If you learn how to prompt properly, you’ll get better results.

There is some truth in that.

But it has been taken too far, and in the wrong direction.

Prompting is being treated as the skill.

It isn’t.

It is a visible artefact of something deeper. And focusing on it directly is leading organisations to optimise the wrong layer of performance.

Prompts are downstream of thinking

A prompt is not where the work starts.

It is where the work becomes visible.

By the time someone writes a prompt, a number of decisions have already been made, whether consciously or not:

  • what the task actually is
  • what the objective looks like
  • what constraints matter
  • what level of quality is required

If those decisions are unclear, the prompt will reflect that.

It will be vague, open-ended, or misaligned with the real need.

AI will respond accordingly.

When people say “the prompt wasn’t good enough”, they are often describing a failure that occurred earlier, in how the task was understood.

Improving the wording without improving the thinking produces only marginal gains.

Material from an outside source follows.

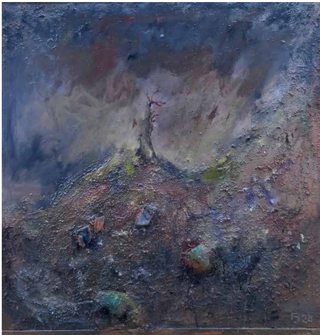
»2125«, 2025, mešna tehnika, platno, 107 × 100 cm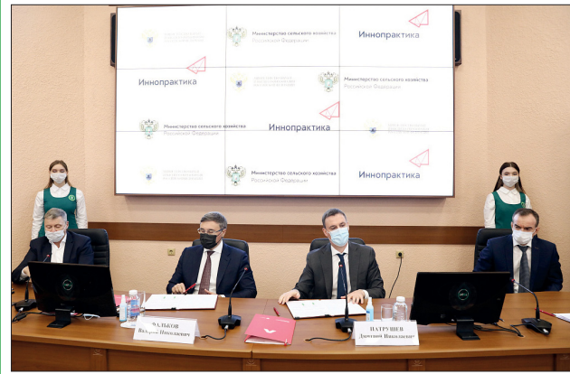
Перспективы развития аграрного образования обсудили в КубГАУ

Консорциум аграрных вузов Приволжского федерального округа в текущем году в рамках программы реализует 46 проектов, в том числе по таким важным направлениям, как создание новых технологий ведения тепличного хозяйства, разработка экологичной сельхозтехники и многое другое. За три месяца на базе объединения прошли подготовку и повышение квалификации более 2 тыс. специалистов.

The prompt obsession masks capability gaps

The focus on prompting is attractive because it is tangible.

You can:

  • show examples
  • share templates
  • demonstrate improvements quickly

It feels like progress.

What it often does is mask underlying gaps.

If someone cannot:

  • define a clear outcome
  • break down a task
  • identify relevant context
  • assess whether AI is appropriate

Then prompt techniques become a workaround, not a solution.

They might improve outputs in the short term, but they do not build transferable capability.

The moment the task changes, or the context shifts, performance drops again.

Good prompts are predictable

There is a misconception that high-quality prompts are creative, clever, or even slightly mysterious.

They are not.

They are structured expressions of four things:

  • a clear goal
  • relevant context
  • explicit constraints
  • defined output requirements

When those elements are present, the prompt is usually straightforward.

It does not require tricks or special phrasing.

It reads more like a well-written brief than a hack.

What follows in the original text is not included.